The UX for knowledge-required fields is fundamentally different from the other two types. There's no "propose and approve" flow. There's a "request and provide" flow. The agent creates a structured request, the merchant provides the answer, and the system validates and stores it.

Why the Framework Matters

When we started building EKOM, we treated every field the same way. A field is a field — it has a value, or it doesn't, and the agent should fill it. That simplicity was appealing but wrong.

The framework — optimization, gap-fill, knowledge-required — emerged from building and testing. We didn't design it upfront. We discovered it by watching things break.

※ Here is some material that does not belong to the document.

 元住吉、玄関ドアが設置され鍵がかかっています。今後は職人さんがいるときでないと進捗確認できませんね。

Meta titles taught us the optimization pattern. Colors and materials taught us the gap-fill pattern. GTINs taught us that some things should never be generated.

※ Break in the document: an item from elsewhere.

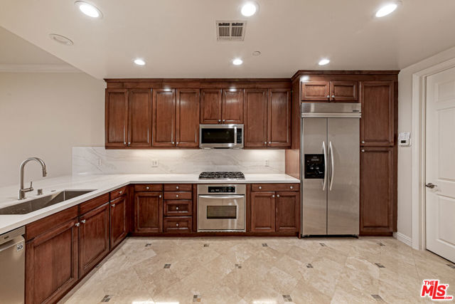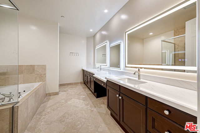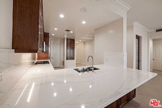 Remodeled, turnkey home features 2 bedrooms plus Den (Ideal for a play room or office) and 3 bathroom. Brand new premium engineered hardwood floors, new kitchen cabinet counter top and bathroom, custom-built closets and remote-controlled window blinds. Enjoy the feel of a single-family home with high ceilings and a large, sun-drenched patio- perfect for entertaining. 2 side-by-side parking with custom made storage cabinet at front of parking spaces. Benefit from exceptionally low HOA dues and a prime location just 10minutes from Cedars-Sinai hospital, world - class dining, Rodeo Drive shopping, and top-rated BH schools. Must see for all buyers seeking modern construction and move-in-ready luxury in 90211! Listing agent related owner.

Here's why this matters beyond our codebase:

AI search engines like ChatGPT, Perplexity, and Google AI Overviews consume structured product data. The richer and more accurate your catalog, the more likely your products surface in AI-generated answers. But "rich and accurate" means different things for different fields.

For titles and descriptions, richness means quality — clear, well-structured, brand-inclusive. An optimization engine handles this.

For attributes like color, material, and size, richness means completeness — every field filled, every value normalized. A gap engine handles this.

For compliance and identification fields, accuracy means truth — real GTINs, real certifications, real origin data. Only the merchant can provide this.

You can't build one system that handles all three. Or rather, you can — but it will hallucinate GTINs, skip hard-to-fill fields, and rewrite titles that didn't need rewriting. We tried. It doesn't work.

Adding New Fields

The framework also makes the engineering work predictable. When we need to add meta_description as an optimizable field, we know exactly what to build:

1.A quality evaluator (check length, check for missing brand, check for garbage)
2.A proposal generator (build a better version from available product data)
3.Veto rules (don't shorten, don't keyword-stuff)
4.A GMC citation (the relevant Google Merchant Center requirement)
5.Keywords for intent routing ("improve meta descriptions" maps to the right field)

That's it. The patch lifecycle, the approval flow, the deploy mechanism, the cache invalidation, the audit trail — all shared infrastructure. Plug in the field-specific logic and the rest is handled.

For a gap-fill field, the work is different: define the extraction rules, set the confidence thresholds, add it to the canonical schema.

For a knowledge-required field, it's about building the right request UX — what question to ask, what input format to accept, what validation to run on the answer.

Three types of problems. Three types of solutions. One framework that makes each one a known pattern instead of a one-off build.